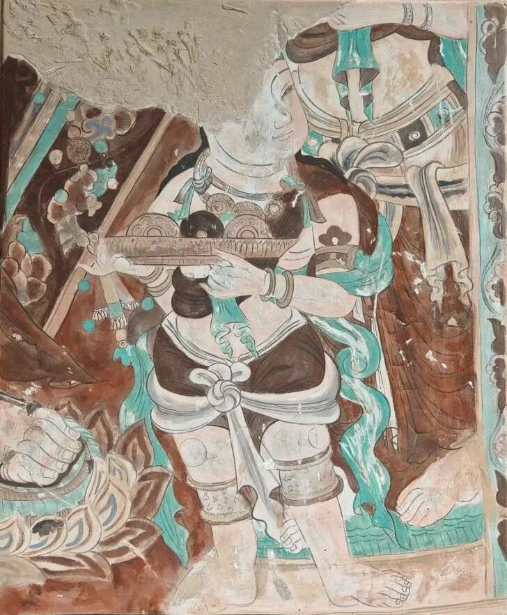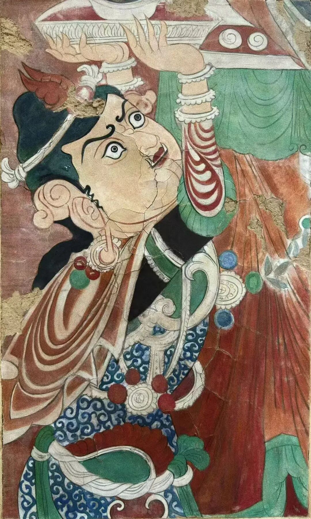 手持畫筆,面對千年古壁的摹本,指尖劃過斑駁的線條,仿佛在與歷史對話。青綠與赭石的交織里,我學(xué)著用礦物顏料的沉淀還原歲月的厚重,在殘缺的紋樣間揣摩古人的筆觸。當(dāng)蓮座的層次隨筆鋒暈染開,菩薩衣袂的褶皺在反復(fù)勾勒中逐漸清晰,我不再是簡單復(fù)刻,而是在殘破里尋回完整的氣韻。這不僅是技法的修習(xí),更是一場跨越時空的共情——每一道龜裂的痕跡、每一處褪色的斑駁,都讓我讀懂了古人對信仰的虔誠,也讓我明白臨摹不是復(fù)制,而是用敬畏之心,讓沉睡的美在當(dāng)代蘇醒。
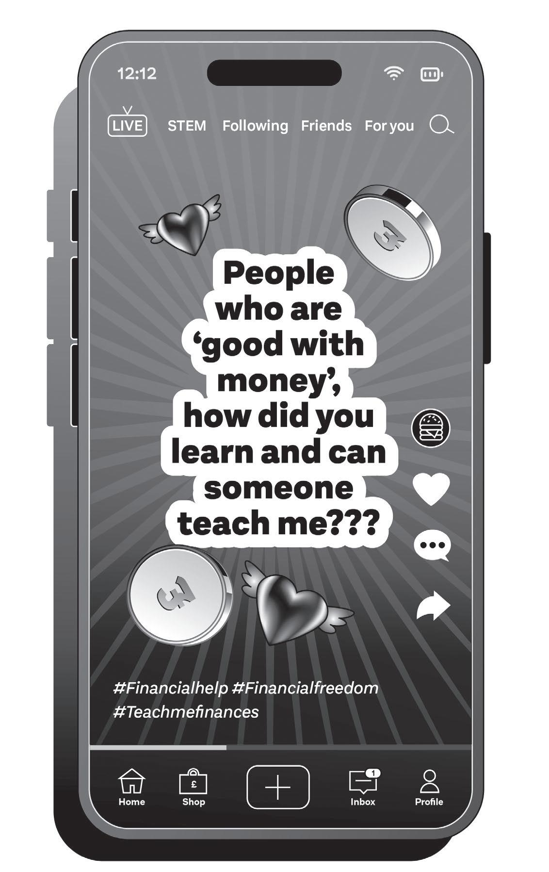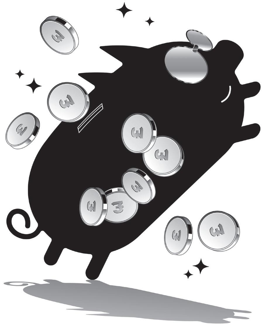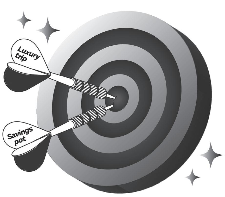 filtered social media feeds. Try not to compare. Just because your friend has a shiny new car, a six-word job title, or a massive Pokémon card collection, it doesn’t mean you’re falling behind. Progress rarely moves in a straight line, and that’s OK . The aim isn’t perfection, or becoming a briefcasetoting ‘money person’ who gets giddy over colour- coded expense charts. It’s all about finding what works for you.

* * *

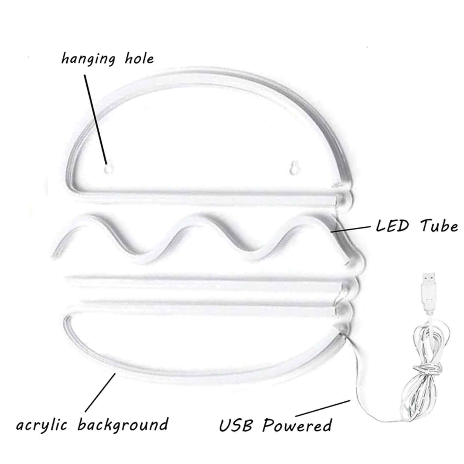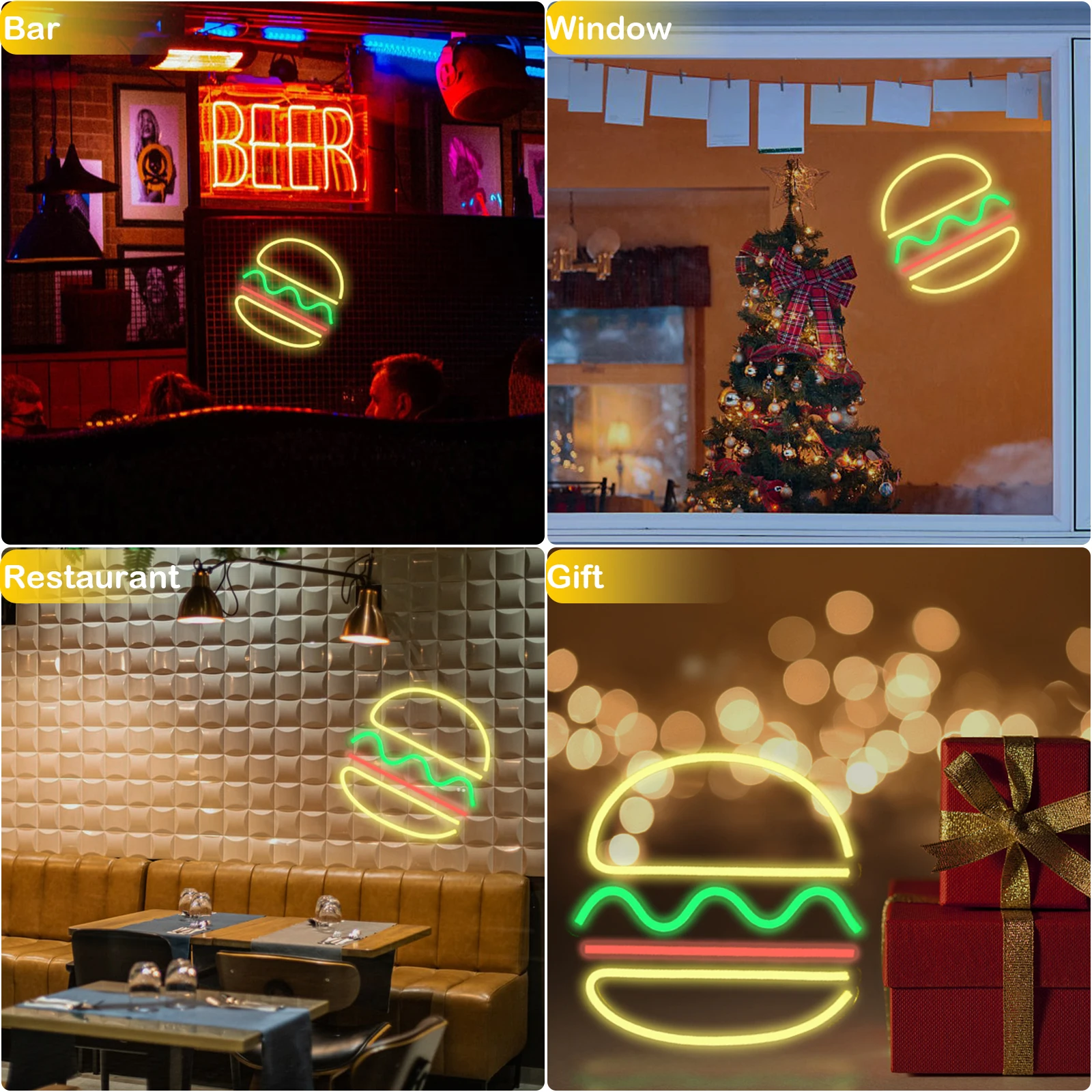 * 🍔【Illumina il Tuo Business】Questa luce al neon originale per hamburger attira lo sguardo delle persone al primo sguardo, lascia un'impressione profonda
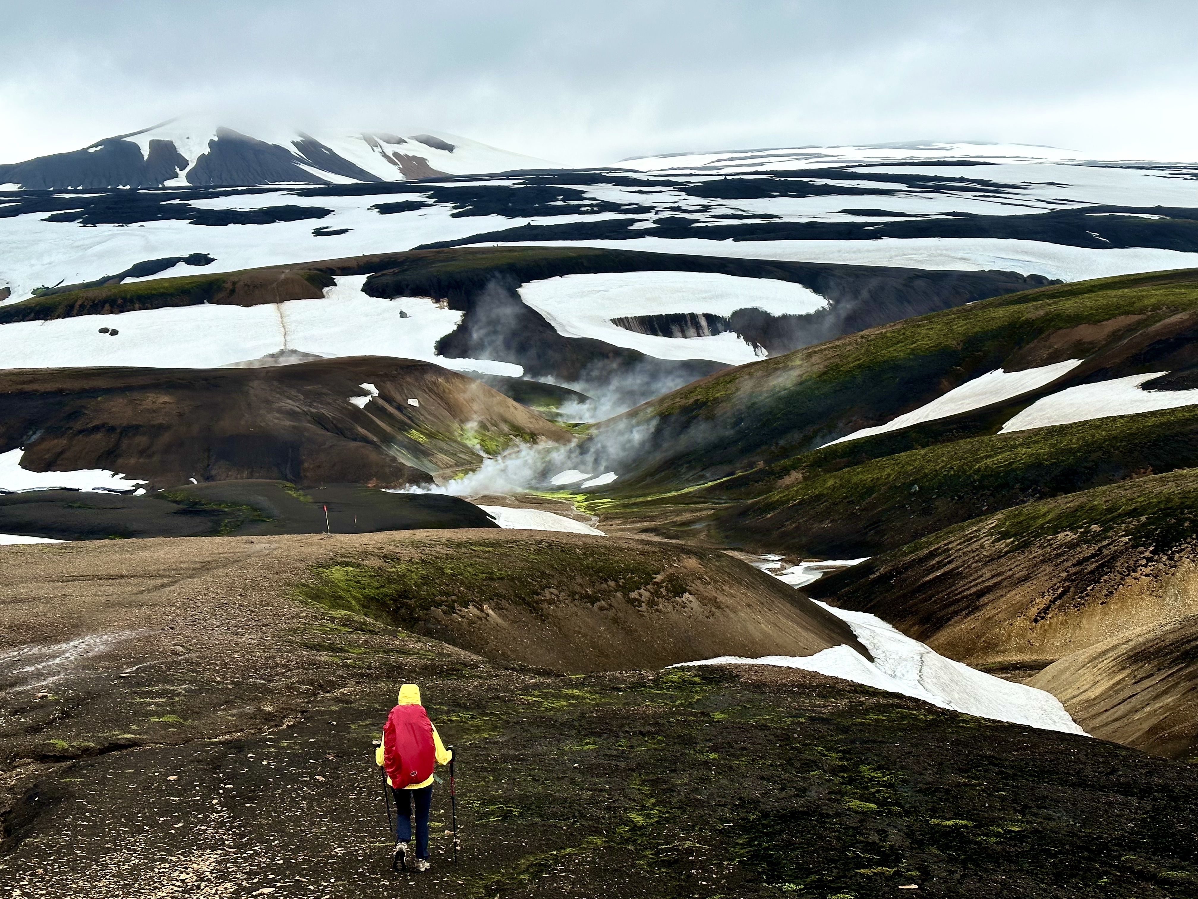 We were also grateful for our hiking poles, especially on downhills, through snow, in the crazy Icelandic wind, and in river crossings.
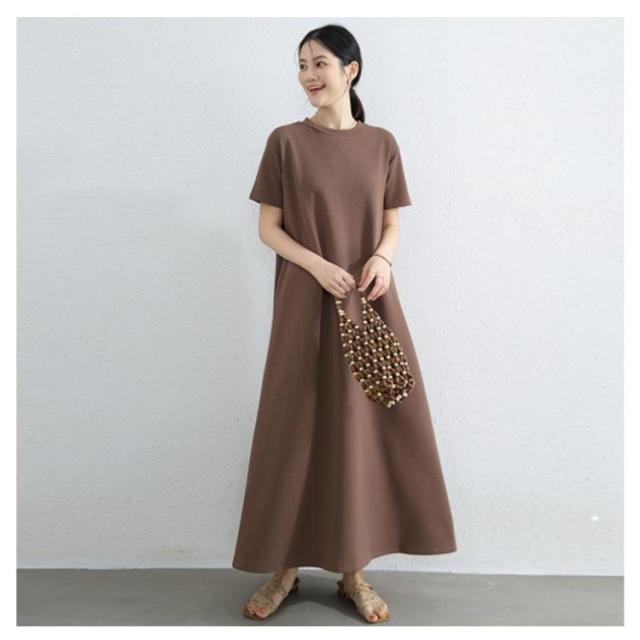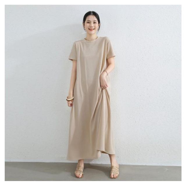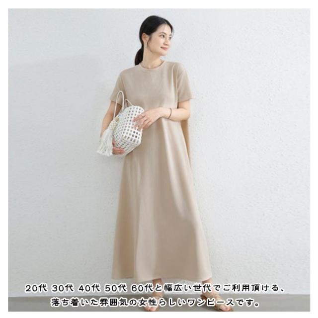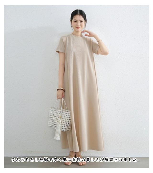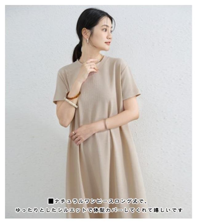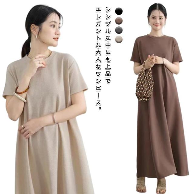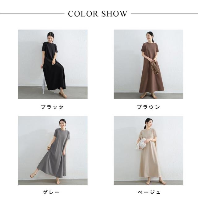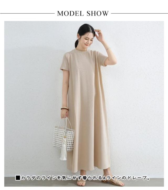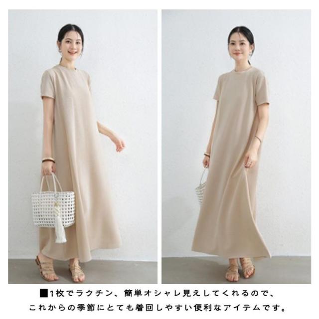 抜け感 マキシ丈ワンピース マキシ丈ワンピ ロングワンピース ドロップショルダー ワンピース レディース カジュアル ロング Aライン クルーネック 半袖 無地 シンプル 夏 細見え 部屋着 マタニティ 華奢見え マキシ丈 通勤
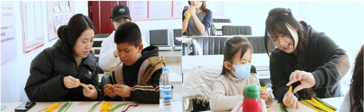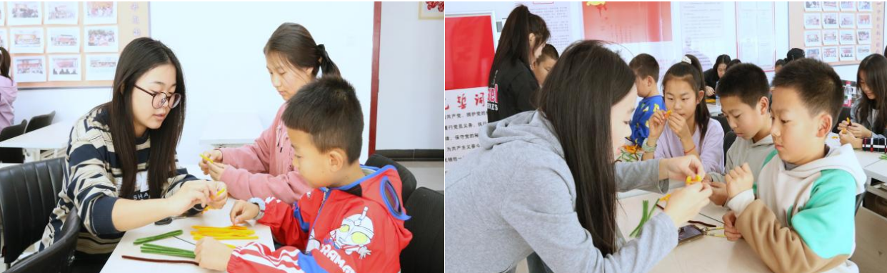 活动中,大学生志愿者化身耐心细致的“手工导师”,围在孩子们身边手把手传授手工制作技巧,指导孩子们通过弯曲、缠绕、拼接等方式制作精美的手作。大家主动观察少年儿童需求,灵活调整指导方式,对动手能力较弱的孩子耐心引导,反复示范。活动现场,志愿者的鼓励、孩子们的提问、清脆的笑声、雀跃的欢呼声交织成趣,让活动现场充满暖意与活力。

Exercise details:
If a picture sits between the line containing "抜け感 マキシ丈ワンピース マキシ丈ワンピ" and the line containing "活动中,大学生志愿者化身耐心", leave it out, and return the lines of that range above exactly, both ends included.

Written solution:
 抜け感 マキシ丈ワンピース マキシ丈ワンピ ロングワンピース ドロップショルダー ワンピース レディース カジュアル ロング Aライン クルーネック 半袖 無地 シンプル 夏 細見え 部屋着 マタニティ 華奢見え マキシ丈 通勤
 活动中,大学生志愿者化身耐心细致的“手工导师”,围在孩子们身边手把手传授手工制作技巧,指导孩子们通过弯曲、缠绕、拼接等方式制作精美的手作。大家主动观察少年儿童需求,灵活调整指导方式,对动手能力较弱的孩子耐心引导,反复示范。活动现场,志愿者的鼓励、孩子们的提问、清脆的笑声、雀跃的欢呼声交织成趣,让活动现场充满暖意与活力。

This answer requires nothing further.